REQUIRED ACTION: From the line that contains "黒の地を背景に、優雅に羽を広" to the final line below, both included, print each line exactly and skip the pictures.

SOURCE MATERIAL:
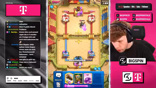 00:44:35Der Streamer verfolgt eine klare Strategie, indem er kontinuierlich seine Truppen wie die Berserkerin, den Eisgeist und den Busch zyklisiert, um den Gegner in die Defensive zu zwingen. Der Gegner setzt vermehrt Verteidigungskarten wie Hütten und einen Grabstein ein, was den Streamer als nervig, aber strategisch verständlich ansieht. Die Map erlebt durch das intensive Spielgeschehen eine Phase starker Verwirrung und dynamischer Veränderungen, in der der Streamer versucht, den Vorteil zu halten.
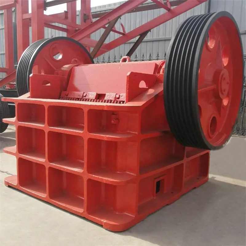 采用楔塊排料口調節系統,使機器即使在空轉情況下也可以在幾分鐘之內把排料口調到預定值,在液壓系統配合下,實現自動化,比老式的墊片式排料口調節系統更簡單、安全、快捷。軸承座采用整體式鑄鋼結構,避免兩片式軸承室給機架帶來的不必要負擔,提高整機結構的穩定性。此外重型偏心軸采用鍛坯進行加工,使PE系列顎式破碎機結構更穩定,性能更可靠。
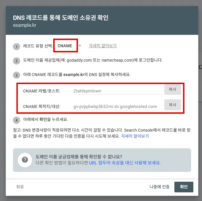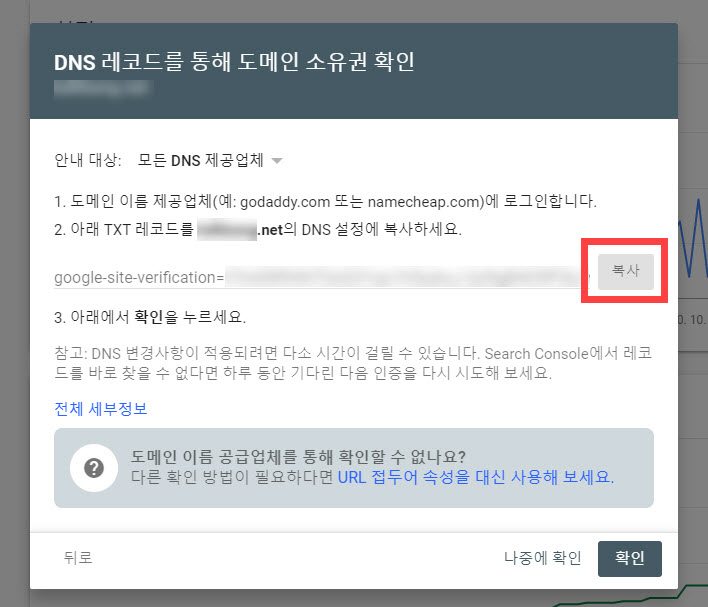 구글 서치 콘솔: DNS 레코드를 통해 도메인 소유권 확인하기
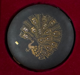 黒の地を背景に、優雅に羽を広げた孔雀の姿が黄金色の象嵌で鮮やかに描き出された、意匠性の高いコンパクトをお譲りいただきました。 こちらは、1960年代から70年代にかけて東京都台東区を拠点に活動し...
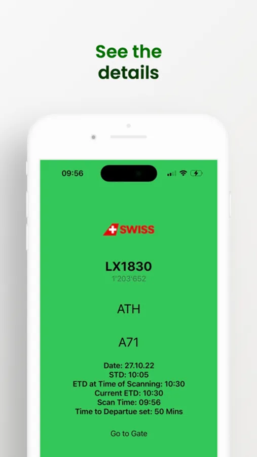 The app then determines whether the scanned boarding pass is a short connection (green), which must be prioritised, or whether the passenger can take the normal route (red).
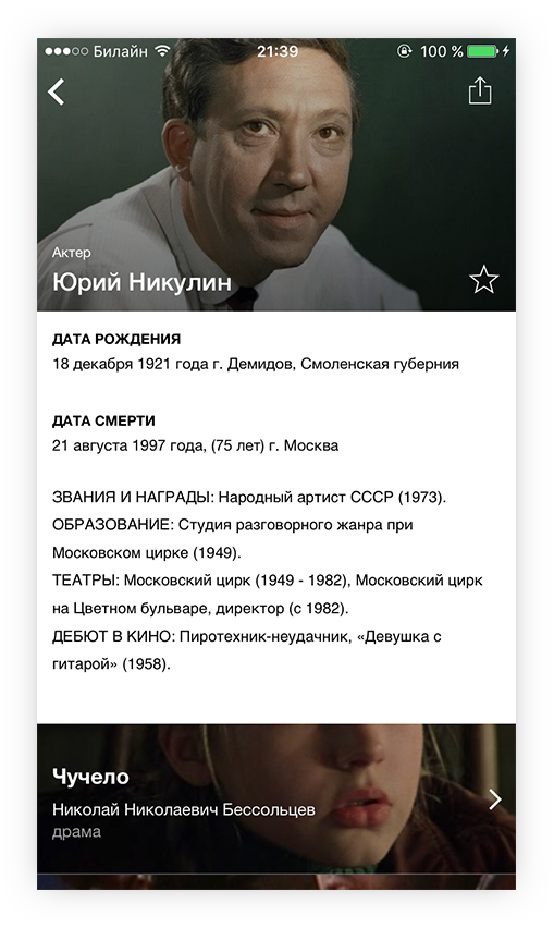 The app contains a few thousands of films and actors with beautiful design of each page.
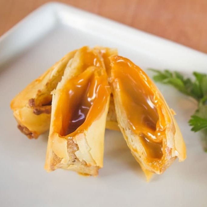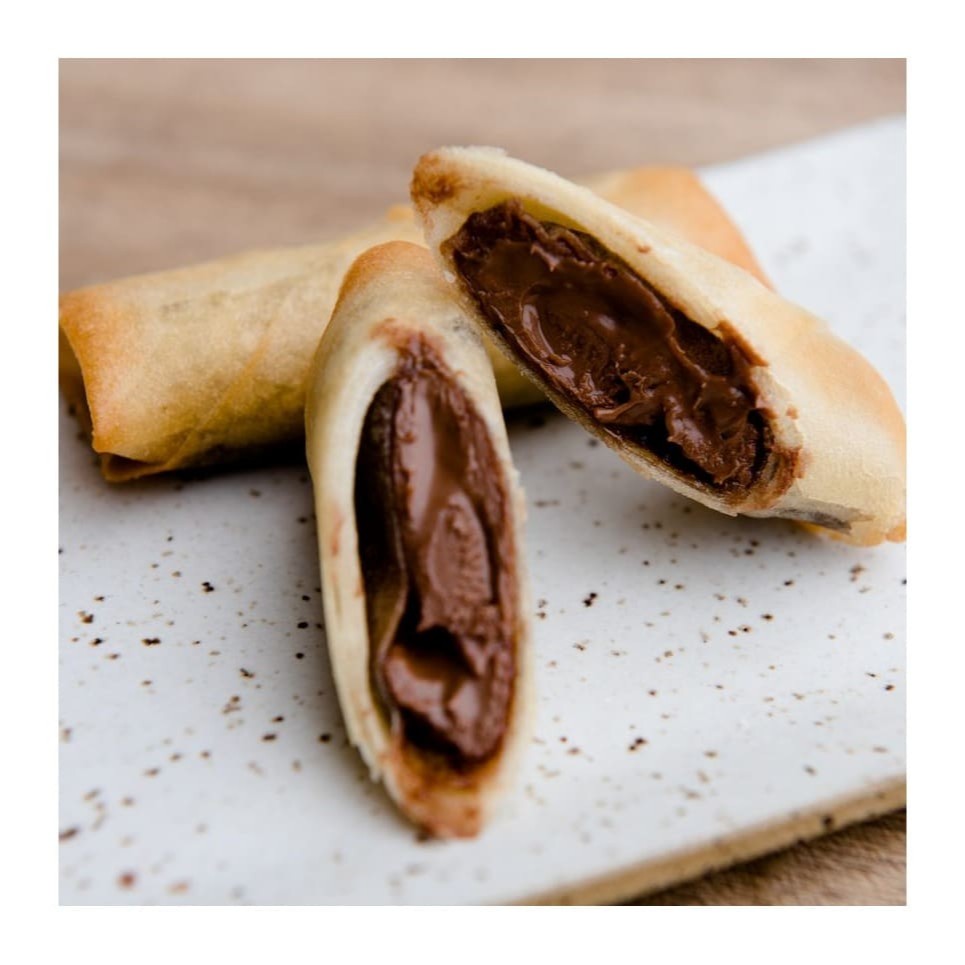 Bolinho Primavera Recheado Com Chocolate Acompanha 1 sachê tarê/ 1 sachê shoyo e 1 hashi. Caso queira á parte temos a opção de pedir.

ANSWER TO THIS PROBLEM:
 黒の地を背景に、優雅に羽を広げた孔雀の姿が黄金色の象嵌で鮮やかに描き出された、意匠性の高いコンパクトをお譲りいただきました。 こちらは、1960年代から70年代にかけて東京都台東区を拠点に活動し...
 The app then determines whether the scanned boarding pass is a short connection (green), which must be prioritised, or whether the passenger can take the normal route (red).
 The app contains a few thousands of films and actors with beautiful design of each page.
 Bolinho Primavera Recheado Com Chocolate Acompanha 1 sachê tarê/ 1 sachê shoyo e 1 hashi. Caso queira á parte temos a opção de pedir.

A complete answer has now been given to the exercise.